Now, using conservation of momentum
Momentum before collision $ = $ momentum after collision
$(\therefore \,\,\,momentum\,\rho = m\,v)$ and $[{u_l} > {u_2}]$
$[{m_1}{u_1} + {\text{ }}{m_2}{u_2}\; = {\text{ }}{m_1}{v_1} + {\text{ }}{m_2}{v_2}]$
Where ${v_1}$ and ${v_2}$ are the velocities of ball 1 and 2 after collision respectively
So,
$10 \times 10 + 4 \times 5 = 10{v_1} + 5{v_2}$
$\Rightarrow 100 + 20 = 10{v_1} + 5{v_2}$
$\Rightarrow 10{v_1} + 5{v_2}{\text{ = }}120$
$\Rightarrow 5(2{v_1} + {v_2}) = 5 \times 24$
$\Rightarrow 2{v_1} + {v_2} = 24$ …..(1)
We know that coefficient of restitution is
$e = \dfrac{{velocity\,of\,separation}}{{velocity\,of\,approach}}$
Given that collision is elastic and for elastic collision $e = 1$
So,
$e = \dfrac{{{v_2} - {v_1}}}{{{u_1} - {u_2}}}$ \[(\therefore {u_l} > {u_2})\]
$\Rightarrow \,e = 1$
$\Rightarrow \dfrac{{{v_2} - {v_l}}}{{{u_1} - {u_2}}} = 1$
$\Rightarrow {v_2} - {v_1} = {u_1} - {u_2}$
$\because{u_1} = 10m/s,{u_2} = 4m/s$
$\Rightarrow 10 - 4\, = {v_2} - {v_1}$
$\Rightarrow {v_2} - {v_1} = 6$
$\Rightarrow {v_2} = 6 + {v_1}$ …..(2)
From equation $\left( 1 \right) \to \left( 2 \right)$
$2{v_1} + \left( {6 + {v_1}} \right) = 24$
$\Rightarrow 2{v_1} + 6 + {v_1} = 24 $
$\Rightarrow 3{v_1} = 24 - 6 = 18$
$\Rightarrow{v_1} = \dfrac{{18}}{3} = 6$
So, $[{v_1} = 6m/s]$ …..(3)
From equation 2 & 3
$\therefore {v_2} = 6 + 6 = 12m/s$ …..(4)

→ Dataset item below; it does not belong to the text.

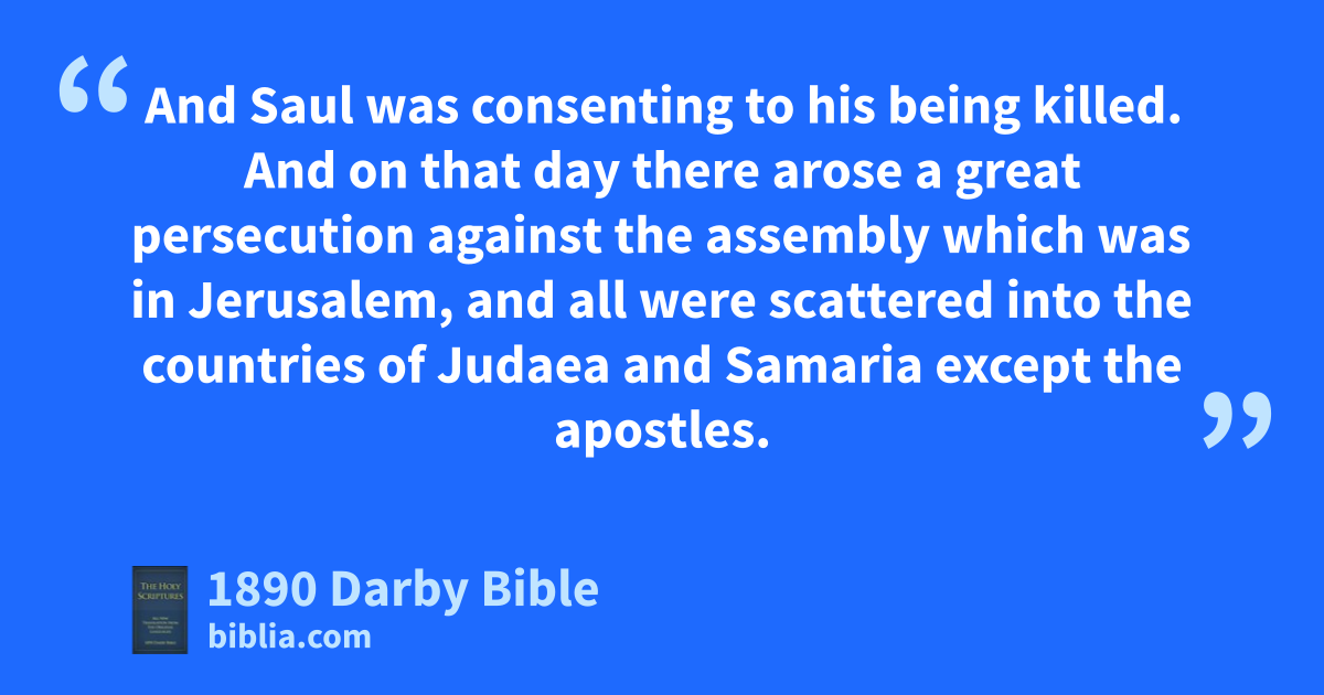 1 And Saul was consenting to his being killed. And on that day there arose a great persecution against the assembly which was in Jerusalem, and all were scattered into the countries of Judaea and Samaria except the apostles. 2 And pious men buried Stephen and made great lamentation over him. 3 But Saul ravaged the assembly, entering into the houses one after another, and dragging off both men and women delivered them up to prison.

Hence, the velocities of ball 1 & 2 after collision is $6m/s$ and $12m/s$ respectively.

So, option C is the correct answer.

Note: In many problems of collision, we cannot get a final answer only using law of momentum conservation. In that case, we have to use the law of energy conservation also.In case of an elastic collision, we can also use the law of kinetic energy conservation also.Basically, in the case of collision, the kinetic energy before the collision and after the collision remains the same and is not converted to any other form of energy.It can be either one-dimensional or two-dimensional. In the real world, perfectly elastic collision is not possible because there is bound to be some conversion of energy, however small.